Рогриан улыбнулся. Ему и в голову не пришло её осуждать. Он вырос среди людей, которые считали в порядке вещей заключать браки по расчёту, а брак по любви называли не иначе как эгоизмом и глупостью.

– Он был милым человеком, – проговорила Мэйт. – Я даже полюбила его со временем, и плакала, когда он умер. Это было похоже на любовь матери к сыну, хотя он и был старше меня. Я не любила его, как женщина любит мужчину. Как я люблю…

Она повернулась к Рогриану. Её лицо точно светилось изнутри, и в этот момент Рогриан позабыл о том, какой некрасивой показалась она ему в их первую встречу. Сейчас она была прекрасна, и он потянулся к ней, заключая её в объятия, готовый прошептать ей в ответ, что он тоже её любит…
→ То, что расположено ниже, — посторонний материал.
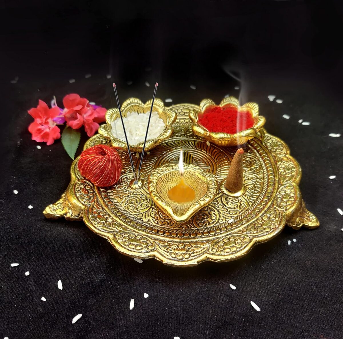 HOME DECORATION ITEM: This beautiful Indian puja plate can be used as festival and many indian rituals Pooja Mandir Interior Decoration Accessories / Table Decor Items or Showcase Decoration Welcome plate, indian return gifts, for pooja.
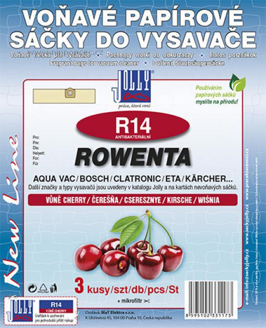 Jolly R14 MAX to je balení 4 ks náhradních sáčků do vysavačů určených mimo jiné pro vysavače AEG Vampyr Multi 300, AQUA VAC, BOSCH Amphibixx, BOSCH PAS 11-21, ETA Barello 4222, ETA Rowenta 0404, CLATRONIC, COLUMBUS, CMI, DELONGHI, EINHELL, ETA, ETA Rowenta 0404, HITACHI, KÄRCHER 6.959-130.0, KRESS, LAVOR, MERIDA, OBI, ROWENTA ZR 81, ZR 814, ZR 815, ZR 816, ROWENTA Bully, ROWENTA RU 100, ROWENTA Wet and Dry, SHOP VAC, SOTECO, TOP CRAFT, THOMAS, WAP Značení SWIRL R24....a mnoha dalších, z netkané textilie, antibakteriálních, součástí je 2x vůně zdarma a 2x filtr k nástřihu. Speciální vícevrstvý materiál sáčků Jolly zajistí zvýšený sací výkon vysavače i v případě částečného zaplnění sáčku, kdy u papírových sáčků vlivem ucpávání mikropórů výkon vysavače přirozeně klesá = sáček nemusíte tak často měnit. Textilní sáčky jsou odolné proti vlhkosti, jsou pevné, filtrují až o 40% lépe, než papírové sáčky, syntetický materiál je pružný - sáček se dobře přizpůsobí velikosti komory vysavače, a vysavač neztrácí na výkonu.
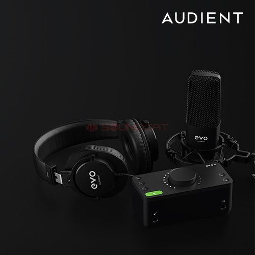 EVO4 오디오인터페이스와 헤드폰, 컨덴서마이크, 쇼크마운트와 XLR 케이블이 함께 담긴 올인원 레코딩 패키지

– … лейтенанта Корвилла, – сказала она, и эти слова вонзились в Рогриана, как ледяные когти. Он замер, глядя на неё расширенными глазами. Чёрные глаза Мэйт вмиг утратили ясность и блеск, взгляд стал тягучим и тяжёлым, как дёготь. Левой рукой она притянула Рогриана к себе, а правая быстро, как змея, скользнула в сторону, выхватывая откуда-то из-под простыней короткий кривой кинжал.

Рогриан уловил лишь проблеск металла – и его чувства исчезли. Как тогда, на Ореховой улице, когда прозвучал взрыв, он перестал быть испуганным человеком и превратился в машину. Мышцы действовали быстрее разума, и он перехватил руку Мэйт на полпути, как совсем недавно, во время танца, но на этот раз жёстче, грубее, выворачивая тонкое запястье. Мэйт яростно вскрикнула, свободная рука взметнулась вверх, острые ногти нацелились Рогриану в лицо. Но он был быстрее. В одно мгновение он выхватил кинжал из ослабевших пальцев, которые недавно целовал с такой страстью, и вонзил его в грудь женщины.

Удар был таким сильным, что кинжал вошёл по самую рукоятку. Мэйт снова вскрикнула, но на этот раз так тихо, что это скорее походило на вздох. Её глаза закатились, голова бессильно откинулась назад, как будто устав держать груз тяжёлых волос, и она распласталась на смятых простынях.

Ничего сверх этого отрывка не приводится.